DOUBLES IN FICTION have been a popular trope from ages past, and in detective fiction the notion has proven no less popular with Agatha Christie, John Dickson Carr, and many other writers, with today's author being no exception (see "Resources: Doppelgänger" and 
"evil twin" below).

"The Feathered Detective."
By A. Hyatt Verrill (1871-1954).

Illustration by [Leo] Morey (1899-1965; HERE).
First appearance: Amazing Stories, April 1930.

Novelette (12 pages in original text).
Online at Roy Glashan's Library (RGL; HERE; HTML).

     ". . . then I noticed that the cage of the parrot was empty and that the bird was dead, too, lying in a mess over by the window."

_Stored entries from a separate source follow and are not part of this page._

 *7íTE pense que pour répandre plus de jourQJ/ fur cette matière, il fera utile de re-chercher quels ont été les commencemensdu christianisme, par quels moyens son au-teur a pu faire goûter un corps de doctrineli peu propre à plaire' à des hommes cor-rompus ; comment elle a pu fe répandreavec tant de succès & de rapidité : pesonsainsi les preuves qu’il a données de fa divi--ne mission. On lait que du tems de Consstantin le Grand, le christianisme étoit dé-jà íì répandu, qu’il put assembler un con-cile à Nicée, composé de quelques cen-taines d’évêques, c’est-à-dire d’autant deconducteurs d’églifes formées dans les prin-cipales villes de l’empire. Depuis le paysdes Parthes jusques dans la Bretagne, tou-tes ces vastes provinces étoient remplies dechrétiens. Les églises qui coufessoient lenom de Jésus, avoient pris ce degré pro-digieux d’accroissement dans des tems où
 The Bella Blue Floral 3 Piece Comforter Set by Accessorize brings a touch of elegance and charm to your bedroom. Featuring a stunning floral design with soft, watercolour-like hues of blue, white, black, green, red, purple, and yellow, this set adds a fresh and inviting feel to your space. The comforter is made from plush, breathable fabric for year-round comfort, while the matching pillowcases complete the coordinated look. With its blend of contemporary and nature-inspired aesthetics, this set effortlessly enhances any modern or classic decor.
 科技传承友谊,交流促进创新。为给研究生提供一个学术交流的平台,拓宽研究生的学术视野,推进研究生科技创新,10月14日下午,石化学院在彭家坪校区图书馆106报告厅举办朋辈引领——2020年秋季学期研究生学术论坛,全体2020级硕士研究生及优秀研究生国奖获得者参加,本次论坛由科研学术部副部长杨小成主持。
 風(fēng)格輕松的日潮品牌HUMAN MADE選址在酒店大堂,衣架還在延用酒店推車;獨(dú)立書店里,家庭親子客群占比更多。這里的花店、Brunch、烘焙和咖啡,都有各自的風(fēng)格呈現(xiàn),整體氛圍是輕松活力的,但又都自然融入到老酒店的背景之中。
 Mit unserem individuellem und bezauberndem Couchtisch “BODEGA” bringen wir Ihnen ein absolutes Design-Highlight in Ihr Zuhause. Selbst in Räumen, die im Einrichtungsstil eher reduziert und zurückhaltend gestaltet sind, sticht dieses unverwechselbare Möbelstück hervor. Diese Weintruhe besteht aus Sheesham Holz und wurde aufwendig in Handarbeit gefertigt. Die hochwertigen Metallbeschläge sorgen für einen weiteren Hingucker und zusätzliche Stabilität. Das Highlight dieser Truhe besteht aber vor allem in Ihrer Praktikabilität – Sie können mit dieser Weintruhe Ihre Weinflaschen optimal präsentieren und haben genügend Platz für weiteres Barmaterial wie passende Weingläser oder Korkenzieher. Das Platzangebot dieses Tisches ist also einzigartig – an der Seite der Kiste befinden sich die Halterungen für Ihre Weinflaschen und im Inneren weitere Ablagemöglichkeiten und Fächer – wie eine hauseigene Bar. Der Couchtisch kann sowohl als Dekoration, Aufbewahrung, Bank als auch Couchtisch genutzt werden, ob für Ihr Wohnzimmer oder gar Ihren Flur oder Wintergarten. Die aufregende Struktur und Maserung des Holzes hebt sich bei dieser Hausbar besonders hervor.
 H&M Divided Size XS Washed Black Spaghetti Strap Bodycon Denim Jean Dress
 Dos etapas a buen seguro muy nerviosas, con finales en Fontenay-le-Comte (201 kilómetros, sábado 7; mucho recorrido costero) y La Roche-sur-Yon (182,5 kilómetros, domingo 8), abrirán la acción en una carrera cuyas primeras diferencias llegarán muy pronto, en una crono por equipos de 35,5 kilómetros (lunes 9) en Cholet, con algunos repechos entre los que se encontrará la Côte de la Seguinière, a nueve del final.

Murdering a man is one thing, but also murdering his bird seems to be overdoing it . . .

Major characters:
~ Carrie, the maid:

  "Murder it is, sir! Oh, Lord, ha' mercy on me; but I can see his eyes now, sir. All glazed and glassy like, an' rolled up and his face as purple as a pansy, sir. Lord ha' mercy!"
~ Constable Haley:
  ". . . wasn't taking any chance of being called off by the coroner, and was leaving both corpus delictis where he found them."
~ Chermondy, the coroner:
  "Choked, strangled. 'Pon my honor, yes. Garrotted with a thong. Well, well!"
~ The sergeant:
  "Maybe the murderer cut himself, or maybe the parrot nipped his finger, sir. No doubt he wrung the bird's neck to stop his squalling, and parrots have a nasty way of nipping, you know, sir. At all events he left bloody fingerprints . . ."
~ "Big Ben" Pollard:
  ". . . was buried, and a fine funeral he had, too, with flowers and a silver-trimmed coffin and plumes on the hearse and all, and everyone in the village out to follow to the grave. Yes, and even the man accused of murdering him was allowed to attend the services, though guarded by two constables at that."

~ The stranger:
  ". . . aside from the beard, and he being a younger man, I'd have said he and Big Ben might have been twin brothers. But there was one thing; this man didn't bring a parrot with him."
~ Professor Judson:
  "It was a species of touraco—a rare, an exceedingly rare bird of African origin. And a most remarkable bird. Perhaps in some ways the most remarkable bird, for it's the only bird in the world whose feathers are actually green but actually contain red pigment. And this was a unique specimen, a specimen in captivity."
~ Roger Keats:
  "Whether the bird was killed first or whether the murder was committed first has no direct bearing on the case."
~ Jimmy:
  ". . . just then Jimmy the porter comes in and takes the bird, cage and all, and starts to go out."
~ Bob, the narrator:
  "I looked at Bess and Bess looked at me and we both shook our heads."
~ Bess:
  ". . . the neatest bit of a barmaid that eye could see—a pert, bright-eyed, laughing lass with hair as red as his own, but a right proper girl at that."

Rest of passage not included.